By systematically reviewing the literature on sentinel lymph node mapping of colon cancers, this study aimed to evaluate this technique as it applies to colon cancers.


Human studies on lymphatic mapping for colon cancers were reviewed. Multiple publications of the same studies, abstracts, and case reports were excluded. Current Contents, MEDLINE, EMBASE, and Cochrane Library databases were investigated.


Lymphatic mapping appears to be readily applicable to colon cancers, identifying lymph nodes most likely to harbor metastases. Identification of sentinel lymph nodes varied from 58% to 100% and carried a false-negative rate of approximately 10% in larger studies, but potentially rose 4% to 25% among patients representing a range from node-negative to node-positive (micrometastases) conditions. The prognostic implication of these micrometastases requires further evaluation. Lymphatic mapping in 6% to 29% of cases identified aberrant lymphatic drainage that altered the extent of the lymphadenectomy.

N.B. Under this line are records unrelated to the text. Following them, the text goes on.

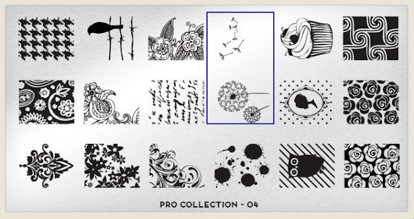 Esta placa de estampar (Pro Collection 04) fue la primer compra que hice a Moyou London y el diseño de diente de león o Dandelion me enamoró desde el primer momento. El color de base es el Hedgehog in the Fog de Dance Legend que les mostré ayer y el plateado es un Kiko de la colección Mirror.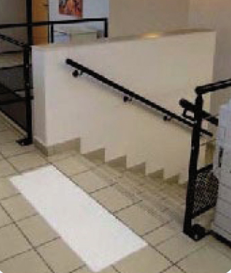 02/12/2013pose de 4 dalles podotactile auto adessif devant escaliers sur du revêtement pvc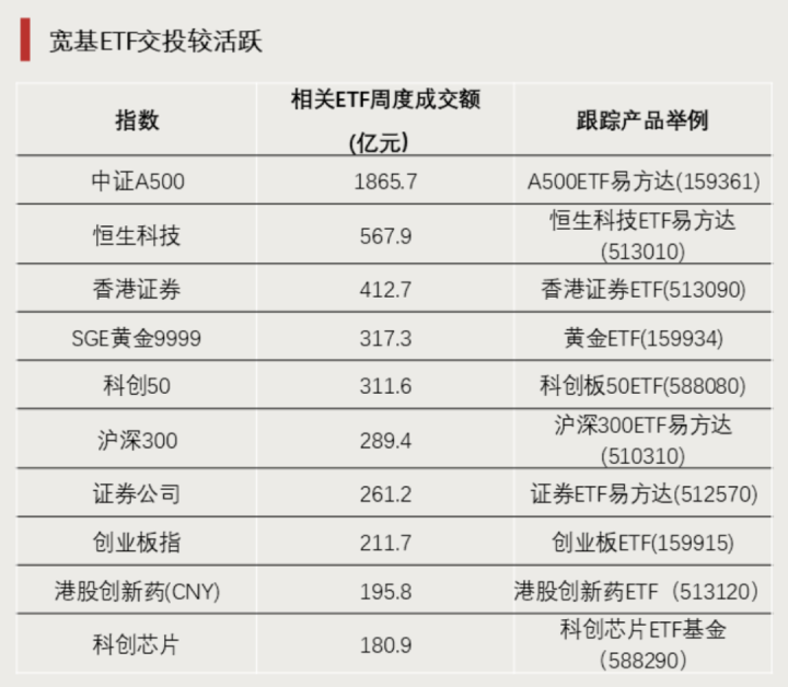 上周,大盘宽基产品成交活跃,A500ETF易方达(159361)等跟踪中证A500指数的ETF合计成交额超1800亿元。此外,多只跟踪双创类指数的ETF也有较高成交额。

Further follow-up evaluation to assess the prognostic significance of micrometastases for colon cancers is required before the staging benefits of sentinel node mapping can have therapeutic implications. Lymphatic mapping offers the possibility of improving staging by identifying patients with early disseminated disease who should be considered for adjuvant treatment or included in trials of adjuvant treatment to speed up the breakthrough of more effective adjuvant regimens. Large studies are needed to determine whether the sentinel node concept is as valid for colon cancers as studies so far have shown it is for malignant melanoma and breast cancer.